DOL Issues Rule to Increase Miner Protection

With this new final rule, the Mine Safety and Health Administration can better regulate and address safety issues in the country's most dangerous mines.

The Department of Labor is responding a lack of safety in the country's most dangerous mines. Secretary of Labor Hilda S. Solis announced the final rule on the revisions to the Mine Safety and Health Administration's regulation of violations in an effort to protect workers in dangerous situations. The rule is being published in the Federal Register on Jan. 23.

MSHA will have the power to act more quickly when taking action against dangerous mines and negligent mine operators. Pattern of violations (POV) notices were previously required only in circumstances of "significant and substantial violations."

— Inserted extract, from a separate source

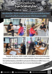 สรจ.พิษณุโลก ให้บริการปรึกษาเเนะนำเพื่อติดตามสิทธิประโยชน์ เเรงงานไทยที่ไปทำงานต่างประเทศ (ไต้หวันและเกาหลีใต้)
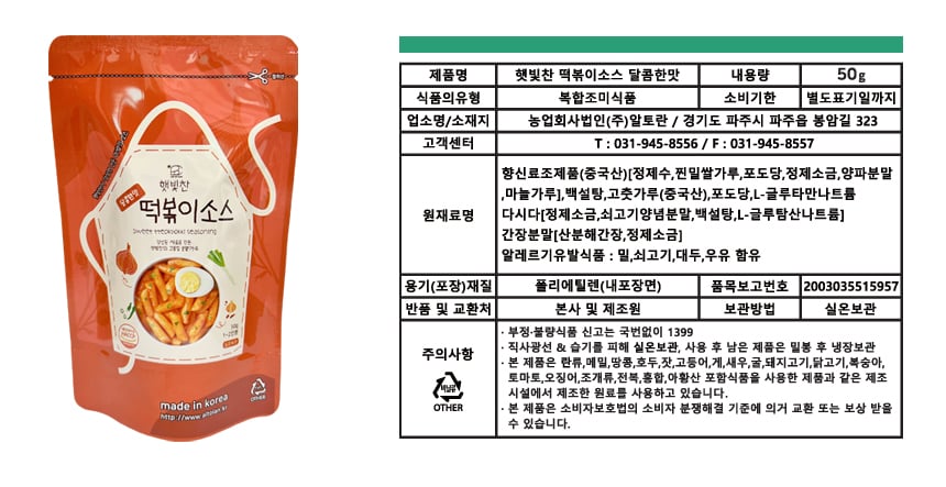 - Á¦Ç°¸í,½ÄǰÀÇ À¯Çü,»ý»êÀÚ ¹× ¼ÒÀçÁö,¿ë·®(Áß·®),¼ö·®,¿øÀç·á¸í ¹× ÇÔ·®,¼ÒºñÀÚ¾ÈÀüÀ» À§ÇÑ ÁÖÀÇ»çÇ×,¼ÒºñÀÚ»ó´ã °ü·Ã ÀüȹøÈ£,¿µ¾ç¼ººÐ,À¯ÀüÀÚº¯Çü½Äǰ,¼öÀÔ½Äǰ µîÀº »óǰ »ó¼¼Á¤º¸¿¡ Ç¥½Ã µÇ¾î ÀÖ½À´Ï´Ù.

"This final rule represents one of MSHA's highest priority regulatory initiatives and one that addresses Congress' intent that this regulation encourage chronic violators to comply with the Mine Act and MSHA's health and safety standards," said Joe Main, assistant secretary of labor for mine safety and health, in a Department of Labor statement. "We think that this final rule will help prevent another tragedy such as occurred at the Upper Big Branch Mine. It promotes consistency in applying the POV notice as an enforcement tool, provides for a more open and transparent process, emphasizes operators' responsibility to comply with safety and health standards and monitor their own compliance, and more effectively achieves the statutory intent of the Mine Act."

Under the new rule, POV notices can be issued without the prerequisite potential POV notice. There is a more established procedure for identifying significant and substantial violations. It also will hold mine operators more accountable for miners' safety. According to Solis, the rule is an effort to prevent mine tragedies in the future.

"The tragedy at the Upper Big Branch Mine should not be forgotten. It exacted a terrible toll on the nation, coal miners' families and coal companies," she said. "Over the last three years, the Labor Department has undergone a serious and comprehensive evaluation of mine safety practices, and that has led to reforms to protect America's miners."

The rule also "clarifies that MSHA will consider a mine operator's effective implementation of an MSHA-approved corrective action program as a mitigating circumstance in its POV review, if the program contains definitive benchmarks implemented prior to POV notice, and the operator has reduced [significant and substantial] violations."